Withdrawing Social Insurance One Time After July 1, 2025: Things Employees Need to Know
- Vinex Official

- Sep 9
- 4 min read
Updated: Sep 11
Legal basis:
Social Insurance Law 2024;
Resolution 28/NQ-TW
1. New regulations on one-time withdrawal of social insurance according to the revised Social Insurance Law 2025
1.1. As stipulated in Point d, Clause 1, Article 70 of the Law on Social Insurance 2024 (New Law on Social Insurance), employees are allowed to withdraw social insurance one time after July 1, 2025 when meeting the following conditions:
Have time to participate in social insurance before July 1, 2025.
Social insurance participation has been terminated.
After 12 months, you are not subject to compulsory social insurance and also not subject to voluntary social insurance.
Social insurance payment period is less than 20 years.
There is a document requesting to receive one-time social insurance.
Thus, even if employees start participating in social insurance on June 30, 2025, they still have the right to withdraw one time if they meet the above conditions.
1.2. For employees participating in social insurance from July 1, 2025 onwards, one-time withdrawal of social insurance only applies in some special cases, including:
Retirement age but less than 15 years of social insurance contributions.
Go abroad to settle down.
Suffering from life-threatening diseases (cancer, AIDS, severe tuberculosis, paralysis, decompensated cirrhosis, etc.).
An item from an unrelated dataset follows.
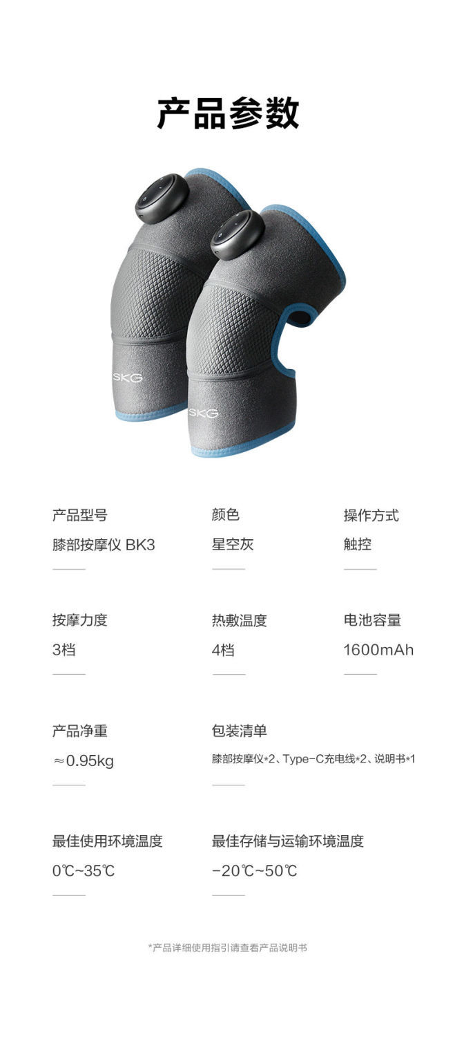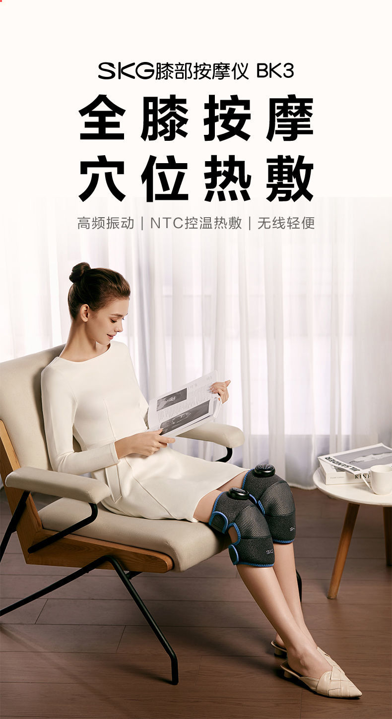 SKG膝部按摩器BK3全膝按摩4档热敷透气携膝盖加热理疗器护膝1对 SKG膝部按摩仪BK3(一对双只) 4档热敷 3档振动全膝按摩 透气便携

Reduced working capacity of 81% or more.
People with severe disabilities.
In case after 12 months of unemployment, less than 20 years of social insurance contributions and no longer continuing to participate, one-time social insurance withdrawal will no longer be possible as before.
*Why is it limited to withdrawing social insurance at one time?
The new policy aims to properly implement the spirit of Resolution 28-NQ/TW, thereby reducing the situation of one-time withdrawal of social insurance, encouraging employees to reserve their participation time to receive pensions and long-term social security regimes.
At the same time, the National Assembly also requested the Government to develop solutions to support workers such as: appropriate credit policies, job counseling and referral, vocational training, job conversion support... to limit the situation of withdrawing social insurance at one time due to immediate financial difficulties.
2. One-time Social Insurance withdrawal application
Depending on each case, employees prepare the following documents:
2.1. Basic profile
Original social insurance book.
Application for one-time social insurance benefit (Form No. 14-HSB).
Other documents proving special circumstances (if any) and identification papers.
2.2. Special cases
Settling abroad: Notarized/consularized translation of one of the following documents: foreign passport, settlement visa, nationality confirmation document or permanent residence card/residence for 5 years or more.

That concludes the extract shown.